Electro-optical properties and dynamic light scattering studies of polymer-stabilized cholesteric diffraction gratings

Polymer-stabilized cholesteric liquid crystal diffraction gratings (PSCDGs) are electrically responsive, transmission diffraction gratings, which are formed when an electric field-induced light diffracting state of a cholesteric liquid crystal is stabilized by an internal polymer network. The planar diffracting state can then be stabilized by photopolymerization of a low concentration (∼3–5 wt%) of reactive diacrylate monomer and photoinitiator components, which are added to the initial mixture. Under UV irradiation, these components react to form a solid network that anchors the liquid crystal diffracting state. PSCDGs have current and potential applications for electro-optic displays, wavelength tunable reflectors, and electrically controllable diffraction gratings.; In the first part of this dissertation, we study the optical morphology and electrooptical properties of PSCDGs in a “microspot” geometry, where 200–400 μm diameter gratings are stabilized against a normal state background by photopolymerization using a focused UV laser beam. A comparison of the optical morphology based on mesogenic versus non-mesogenic monomers reveals an interesting difference in the fidelity with which the distorted state of the liquid crystal can be captured. The electro-optical properties demonstrate efficient phase grating diffraction, and electrically-switchable grating-“on” and “off” states with fields of a few V/μm and 1/e relaxation times of order 10 msec. The radius of the stabilized micrograting is studied as a function of UV exposure time, and we show that for the laser intensities used, the polymerization process occurs in the “reaction-depletion” rather than “diffusion” limit.; The second part of our work concerns a dynamic light scattering (DLS) study of the liquid crystal director fluctuation modes in the PSCDG system. In addition, we present results on a homeotropically-aligned, pure cholesteric, where a planar diffracting state is also observed.

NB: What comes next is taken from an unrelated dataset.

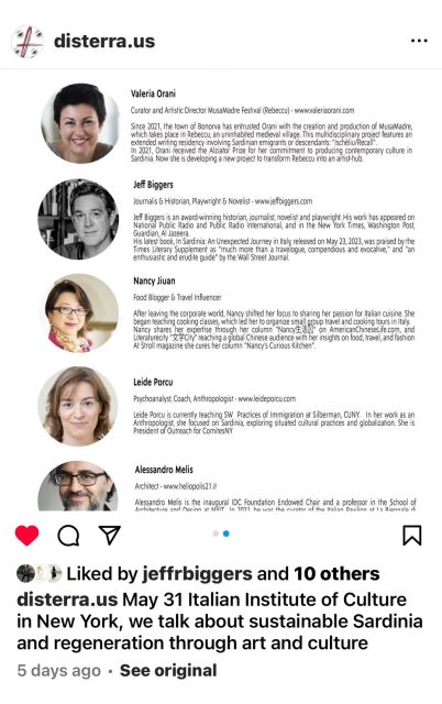 去年,我受纽约意大利文化中心邀请,向意大利观众分享自己在撒丁岛的学习与艺术节体验。那天,我既从“旅行者”的角度讲述撒丁岛美食的惊喜,也从“观察者”的视角描摹当地的传统、工艺与味道。那场讲座让我产生一种微妙的醒悟——我原本只是一个热爱意大利文化的中国人,而在他们眼中,我已成为一位颇具影响力的“美食旅行者”(Food Blogger and Travel Influencer)。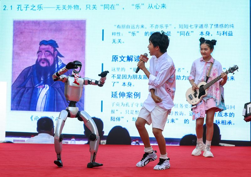 小鹤鹤艺术团的同学们与在2025世界机器人大会上精彩亮相的宇树机器人东东,共同带来歌舞表演《中国少年》。

Two basic issues are addressed: (1) the effect of distortion of the helical structure on the measured time correlation function of the scattered intensity and on the dispersion of the fluctuation modes; and (2) the potential effects of confinement on the fluctuations in a PSCDG system due to the presence of narrowly-spaced, spatially-periodic and orientationally-ordered domains of the polymer network.